To calculate the potential effects of language loss globally and regionally, the researchers applied a metric called "functional richness," similar to one used in ecology that measures the number of species occupying niche space in an area. Substituting languages for species, they found that while functional richness would decline only moderately worldwide with the loss of all languages currently under threat, the consequences would vary greatly across regions.
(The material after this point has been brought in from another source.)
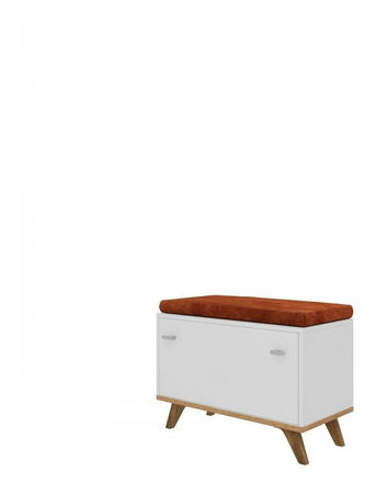 Botník Tunbergia TN04 je ideálnou voľbou pre tých, ktorí hľadajú pohodlie a štýl. Skrinka na topánky Tunbergia TN04 so sedadlom je veľmi praktická a ide o pekný kus nábytku do haly. Vďaka tomu získate sedadlo, ktoré vám uľahčí obúvanie a vyzúvanie obuvi každý deň. Sedadlo je vybavené pohodlným vankúšom. Spodná časť skrinky však ponúka priestor pre niekoľko párov obuvi. Skrinka sa otvára v štýle barovej skrinky, skrinku môžete otvoriť pomocou štýlových úchytiek. Na druhej strane je štruktúra botníka založená na vysokých nohách, ktoré sú vo farbe prírodného dreva, ktoré dokonale ladí s bielym telom. Rozmery skrinky sú 35 cm hlboké, 69 cm široké a 50 cm vysoké. Rozmery: šírka: 69 cm, výška: 50 cm, hĺbka: 35 cm Prevedenie: laminovaná doska s hrúbkou 16 mm, plastové nohy a rukoväte, obyčajné pánty, Hrany z PVC Záruka: 24 mesiacov
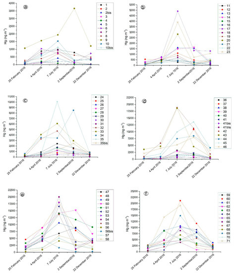 GEM concentrations (in ng·m−3) versus time (from February–December 2016) for selected edifices and mining structures located in Unit 6. The numbering reported in each figure corresponds to that reported in Figure 3. The full set of GEM data is reported in Supplementary Material S2.

Northeast South America, Oregon and Alaska in the United States, and northern Australia — regions where all Indigenous languages are under threat — face the harshest consequences.

The loss of those languages would reduce functional richness to zero in these places, according to the analysis.

"Once linguistic diversity is lost, it's not easily recovered," said Bowern, a historical linguist whose work focuses on language change and language documentation in Indigenous Australia. "It will take sustained efforts to document and revitalize endangered languages to avoid a devastating loss to the communities where these languages are part of the cultural fabric and to further prevent the erosion of humanity's great diversity of languages, which represents an incredible wealth of global human cultural heritage."

The analysis also revealed that there is a lot more variation across languages than was widely believed and provides important insights into how languages evolve and diversify. For example, the researchers show that genealogy — the gradual changing and splitting of languages over time — plays a larger role in shaping linguistic diversity than does geography, through which languages borrow words and grammatical constructs via contact between people speaking different languages.

Grambank's developers hope that other researchers will began to use the database to discover new patterns in linguistic diversity, Bowern said.

The project was a collaboration among the Max Planck institutes in Leipzig and Nijmegen, the Australian National University, the University of Auckland, Harvard University, Yale University, the University of Turku, Kiel University, Uppsala University, SOAS at the University of London, and the Endangered Languages Documentation Programme, and more than 100 scholars from around the world.